Reproduce precisely the lines of the material below from the line containing "Kropp av svensk" up to and including its last line. Pictures must not be copied.

- Dataset extract -
##########
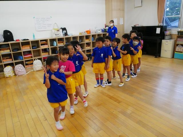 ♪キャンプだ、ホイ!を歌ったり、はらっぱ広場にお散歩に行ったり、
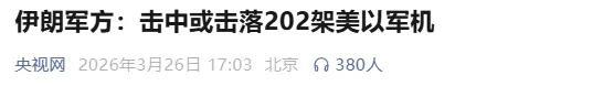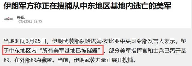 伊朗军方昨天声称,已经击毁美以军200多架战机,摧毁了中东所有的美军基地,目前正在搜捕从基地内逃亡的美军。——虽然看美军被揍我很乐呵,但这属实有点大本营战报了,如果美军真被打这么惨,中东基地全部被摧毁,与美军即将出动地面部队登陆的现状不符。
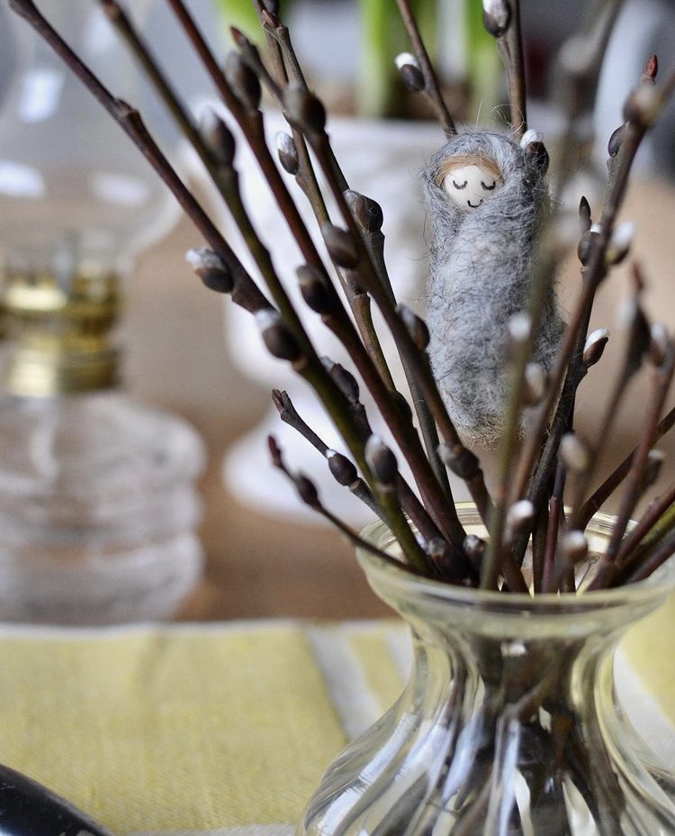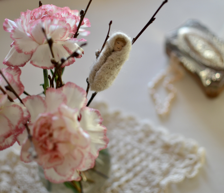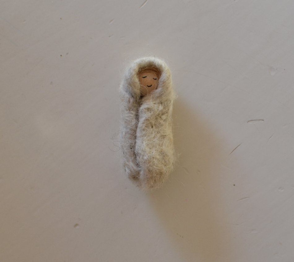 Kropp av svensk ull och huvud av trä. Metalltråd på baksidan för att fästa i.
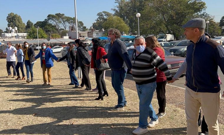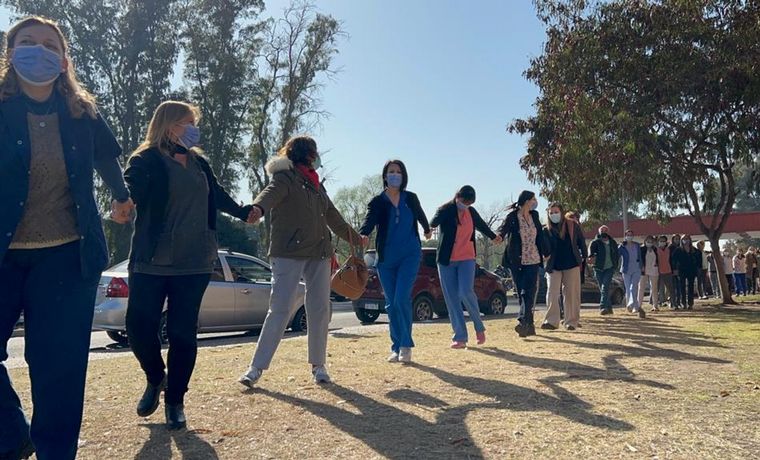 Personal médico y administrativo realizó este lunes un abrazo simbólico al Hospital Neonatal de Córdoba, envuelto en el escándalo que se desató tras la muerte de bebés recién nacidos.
##########
- Your solution -
 Kropp av svensk ull och huvud av trä. Metalltråd på baksidan för att fästa i.
 Personal médico y administrativo realizó este lunes un abrazo simbólico al Hospital Neonatal de Córdoba, envuelto en el escándalo que se desató tras la muerte de bebés recién nacidos.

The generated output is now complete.